Here is the database:
mysql> describe Intake3;
++-+--+-+-+---+
| Field | Type| Null | Key | Default | Extra |
++-+--+-+-+---+
| Site | varchar(6) | NO | PRI | | |
| MedRec | int(6) | NO | PRI | NULL| |
| Fname | varchar(15) | YES | | NULL| |
| Lname | varchar(30) | YES | | NULL| |
| Phone | varchar(30) | YES | | NULL| |
| Height | int(4) | YES | | NULL| |
| Sex| char(7) | YES | | NULL| |
| Hx | text| YES | | NULL| |
| Bday | date| YES | | NULL| |
| Age| int(3) | YES | | NULL| |
++-+--+-+-+---+
10 rows in set (0.00 sec)
Here is my code:
// Prepare statement
$stmt = mysqli_stmt_init($cxn);
$sql11 = "SELECT 'Fname', 'Lname', 'Phone', Height, Hx, Bday, Age
FROM Intake3 where 1 and (MedRec = ?) and (Site = ?) and (Sex = ?)";
// Allocates and initializes a statement object suitable for
mysqli_stmt_prepare().
// Prepare statement, bind result variables, execute and place results
into bound result variables
mysqli_stmt_prepare($stmt, $sql11);
mysqli_stmt_execute($stmt);
mysqli_stmt_bind_result($stmt, $Site, $MedRec, $Fname, $Lname,
$Phone, $Height, $Sex, $Hx, $Bday, $Age); //The error is in this statement.

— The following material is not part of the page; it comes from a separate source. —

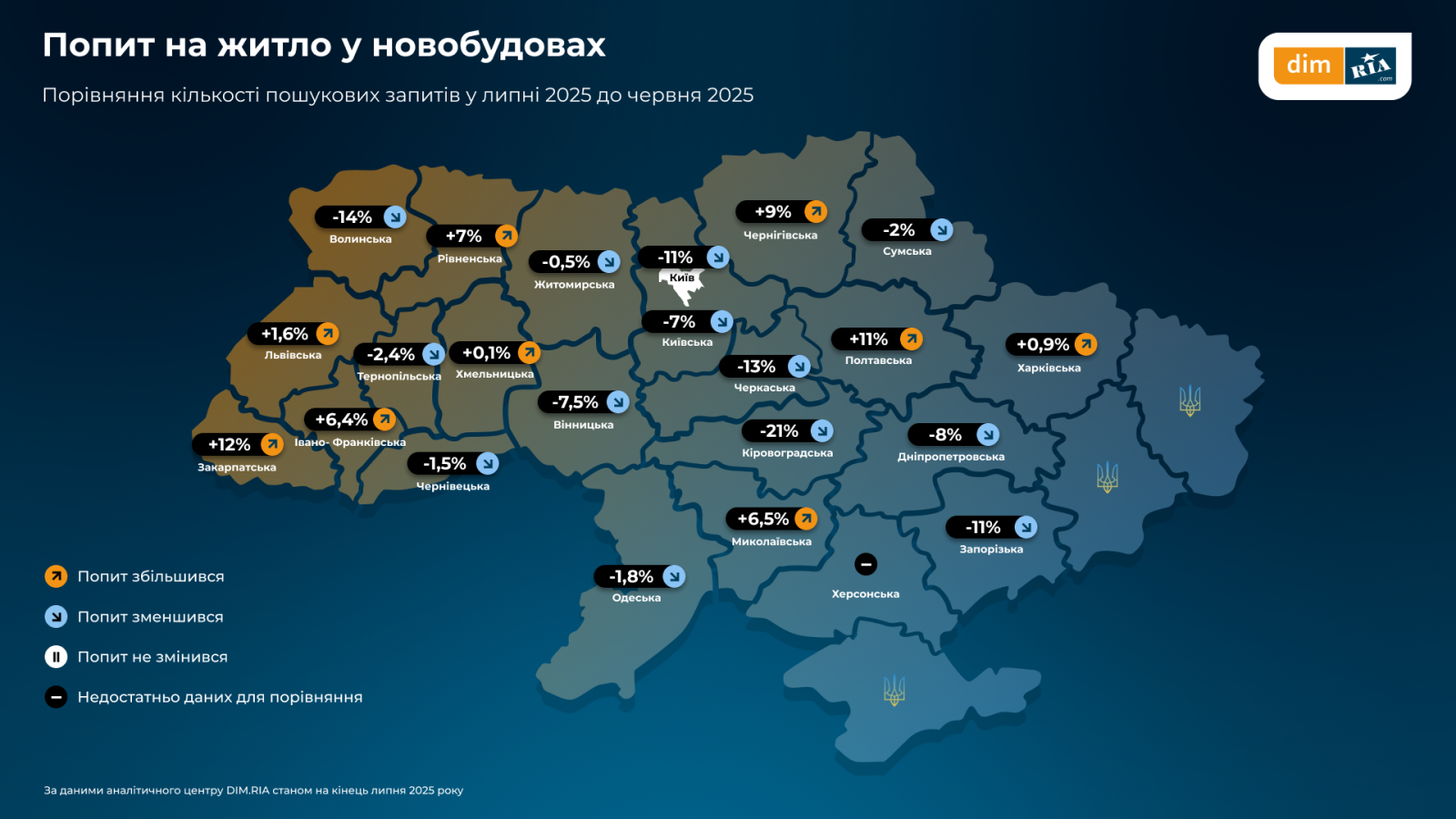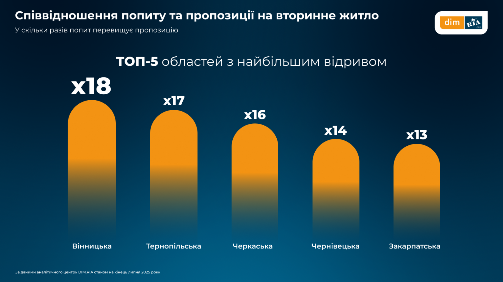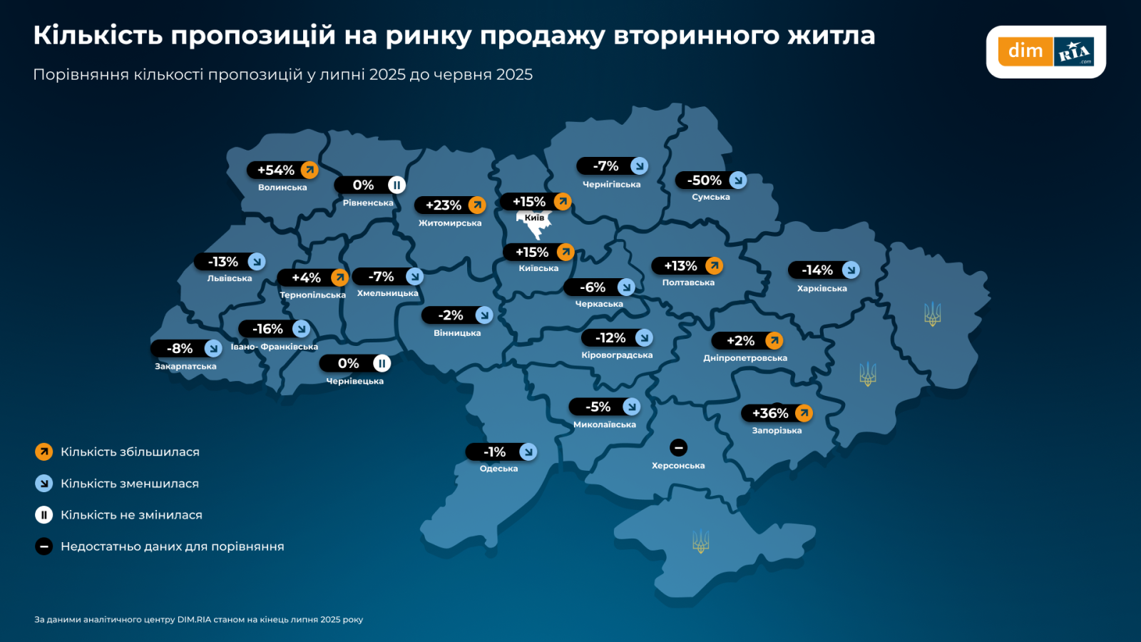 Значительный рост интереса к вторичному жилью зафиксирован в Хмельницкой, Херсонской и Ивано-Франковской областях. В Тернопольской области наблюдается заметное снижение спроса — падение на 25% по сравнению с июнем.

while (mysqli_stmt_fetch($stmt)) {
printf("%s %s %s %s %s %s %s %s %s %s \n", $Site, $MedRec,
$Fname, $Lname, $Phone, $Height, $Sex, $Hx, $Bday, $Age);
}
I get no output from the printf statement.
I receive the following error:
Warning: mysqli_stmt_bind_result(): Number of bind variables doesn't
match number of fields in prepared statement.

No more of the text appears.